C21 Investments has been doing a good job lately as it's been growing revenue at a solid pace. Perhaps the market is expecting future revenue performance to only keep up with the broader industry, which has keeping the P/S in line with expectations. If that doesn't eventuate, then existing shareholders probably aren't too pessimistic about the future direction of the share price.

We don't have analyst forecasts, but you can see how recent trends are setting up the company for the future by checking out our free report on C21 Investments' earnings, revenue and cash flow.

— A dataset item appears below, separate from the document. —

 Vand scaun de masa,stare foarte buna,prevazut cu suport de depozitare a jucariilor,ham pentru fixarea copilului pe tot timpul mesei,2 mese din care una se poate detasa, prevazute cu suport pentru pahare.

Do Revenue Forecasts Match The P/S Ratio?

There's an inherent assumption that a company should be matching the industry for P/S ratios like C21 Investments' to be considered reasonable.

Retrospectively, the last year delivered an exceptional 16% gain to the company's top line. As a result, it also grew revenue by 12% in total over the last three years. Therefore, it's fair to say the revenue growth recently has been respectable for the company.

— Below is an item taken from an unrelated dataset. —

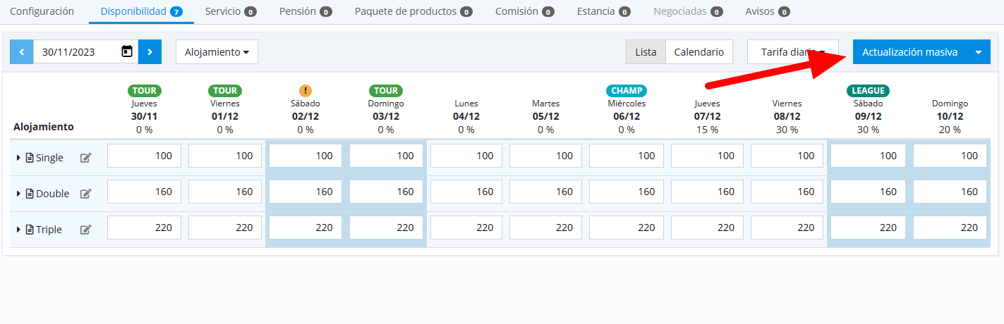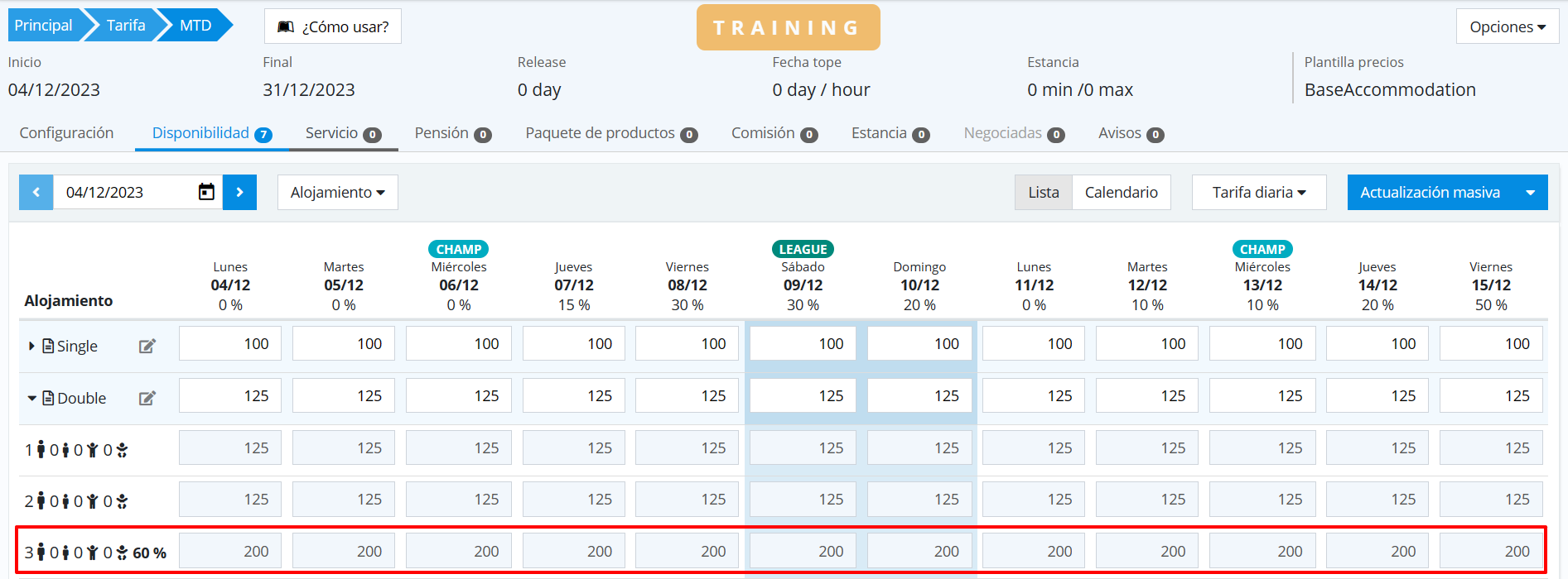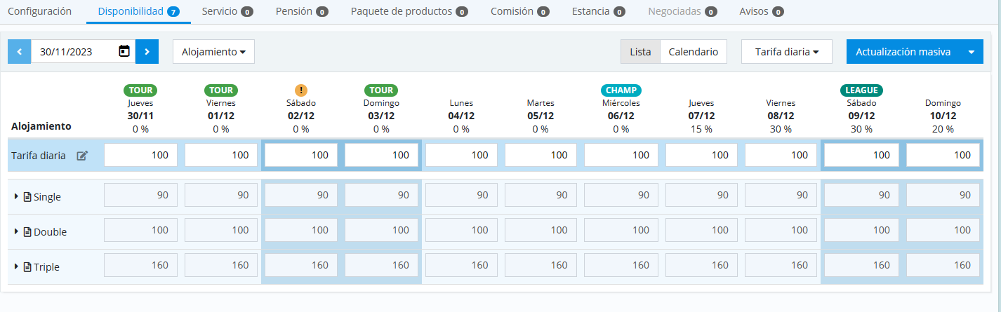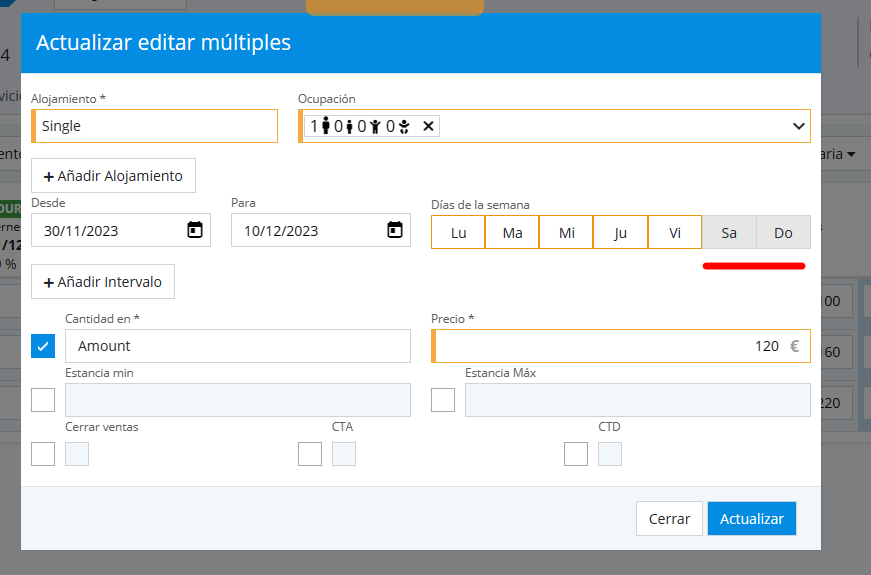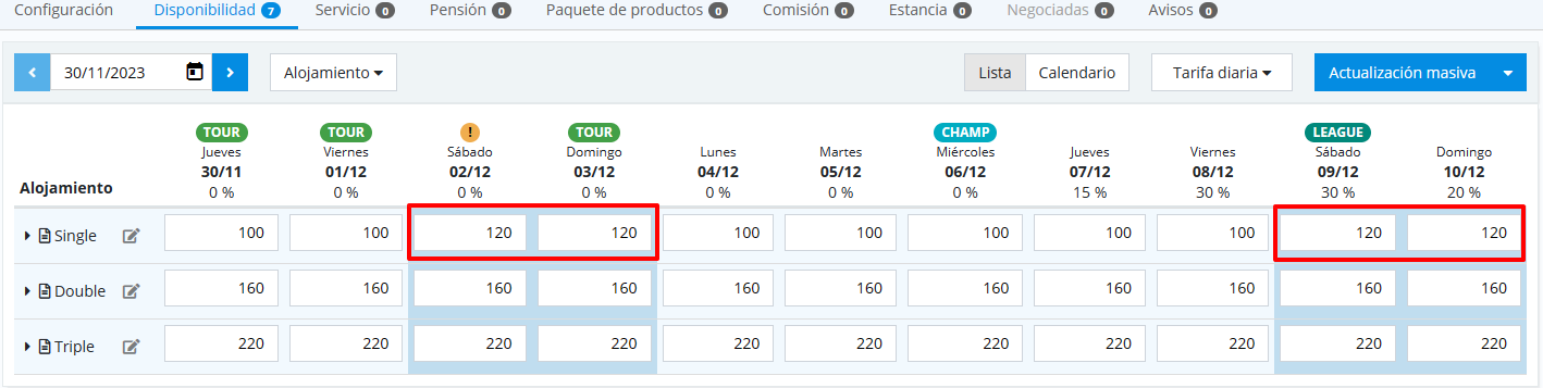 Par exemple, nous voulons modifier le prix de la Single à 120€ tous les samedis et dimanches entre le 30/11 et le 10/12.

This is in contrast to the rest of the industry, which is expected to grow by 18% over the next year, materially higher than the company's recent medium-term annualised growth rates.

In light of this, it's curious that C21 Investments' P/S sits in line with the majority of other companies. Apparently many investors in the company are less bearish than recent times would indicate and aren't willing to let go of their stock right now. Maintaining these prices will be difficult to achieve as a continuation of recent revenue trends is likely to weigh down the shares eventually.

The Key Takeaway

With its share price dropping off a cliff, the P/S for C21 Investments looks to be in line with the rest of the Pharmaceuticals industry. Typically, we'd caution against reading too much into price-to-sales ratios when settling on investment decisions, though it can reveal plenty about what other market participants think about the company.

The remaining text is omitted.